Extracted data:
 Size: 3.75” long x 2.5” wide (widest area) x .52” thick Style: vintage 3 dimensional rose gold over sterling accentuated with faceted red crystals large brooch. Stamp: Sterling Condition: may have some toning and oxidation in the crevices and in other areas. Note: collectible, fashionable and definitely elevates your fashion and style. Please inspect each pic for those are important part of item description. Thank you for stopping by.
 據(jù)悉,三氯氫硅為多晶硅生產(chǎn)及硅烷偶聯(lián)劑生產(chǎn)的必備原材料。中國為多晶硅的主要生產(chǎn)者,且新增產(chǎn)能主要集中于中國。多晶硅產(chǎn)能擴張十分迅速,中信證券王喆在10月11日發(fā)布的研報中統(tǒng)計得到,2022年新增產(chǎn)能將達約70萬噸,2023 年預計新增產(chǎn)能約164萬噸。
==
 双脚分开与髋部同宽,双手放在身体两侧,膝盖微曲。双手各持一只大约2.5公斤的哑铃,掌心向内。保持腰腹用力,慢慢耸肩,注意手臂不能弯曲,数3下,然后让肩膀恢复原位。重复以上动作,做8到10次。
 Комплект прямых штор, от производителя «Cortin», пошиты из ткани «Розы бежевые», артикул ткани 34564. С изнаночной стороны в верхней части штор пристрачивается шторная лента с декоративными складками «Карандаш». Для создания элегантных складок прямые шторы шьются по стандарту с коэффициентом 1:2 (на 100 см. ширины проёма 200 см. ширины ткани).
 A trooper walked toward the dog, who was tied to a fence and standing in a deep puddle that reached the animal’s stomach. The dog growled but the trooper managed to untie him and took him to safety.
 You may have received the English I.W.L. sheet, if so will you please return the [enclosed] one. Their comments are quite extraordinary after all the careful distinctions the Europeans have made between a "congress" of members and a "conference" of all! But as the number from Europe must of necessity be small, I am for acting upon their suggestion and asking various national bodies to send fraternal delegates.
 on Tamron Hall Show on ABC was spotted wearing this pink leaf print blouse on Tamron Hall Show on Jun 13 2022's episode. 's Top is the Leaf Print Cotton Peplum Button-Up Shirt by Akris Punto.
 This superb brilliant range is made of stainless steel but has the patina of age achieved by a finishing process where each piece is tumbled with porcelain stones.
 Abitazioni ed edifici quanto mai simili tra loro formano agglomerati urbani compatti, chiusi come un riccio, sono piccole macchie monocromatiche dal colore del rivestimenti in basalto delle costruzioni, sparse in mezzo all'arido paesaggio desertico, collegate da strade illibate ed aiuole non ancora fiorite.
---
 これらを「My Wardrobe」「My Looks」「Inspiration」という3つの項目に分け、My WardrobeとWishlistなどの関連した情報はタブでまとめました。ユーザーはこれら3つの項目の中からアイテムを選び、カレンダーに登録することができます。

Exercise instructions: Among the records above, repeat exactly the line with "for stopping by.", the line with "據(jù)悉,三氯氫硅為多晶", and every line in between, and only those.

Exercise answer:
 Size: 3.75” long x 2.5” wide (widest area) x .52” thick Style: vintage 3 dimensional rose gold over sterling accentuated with faceted red crystals large brooch. Stamp: Sterling Condition: may have some toning and oxidation in the crevices and in other areas. Note: collectible, fashionable and definitely elevates your fashion and style. Please inspect each pic for those are important part of item description. Thank you for stopping by.
 據(jù)悉,三氯氫硅為多晶硅生產(chǎn)及硅烷偶聯(lián)劑生產(chǎn)的必備原材料。中國為多晶硅的主要生產(chǎn)者,且新增產(chǎn)能主要集中于中國。多晶硅產(chǎn)能擴張十分迅速,中信證券王喆在10月11日發(fā)布的研報中統(tǒng)計得到,2022年新增產(chǎn)能將達約70萬噸,2023 年預計新增產(chǎn)能約164萬噸。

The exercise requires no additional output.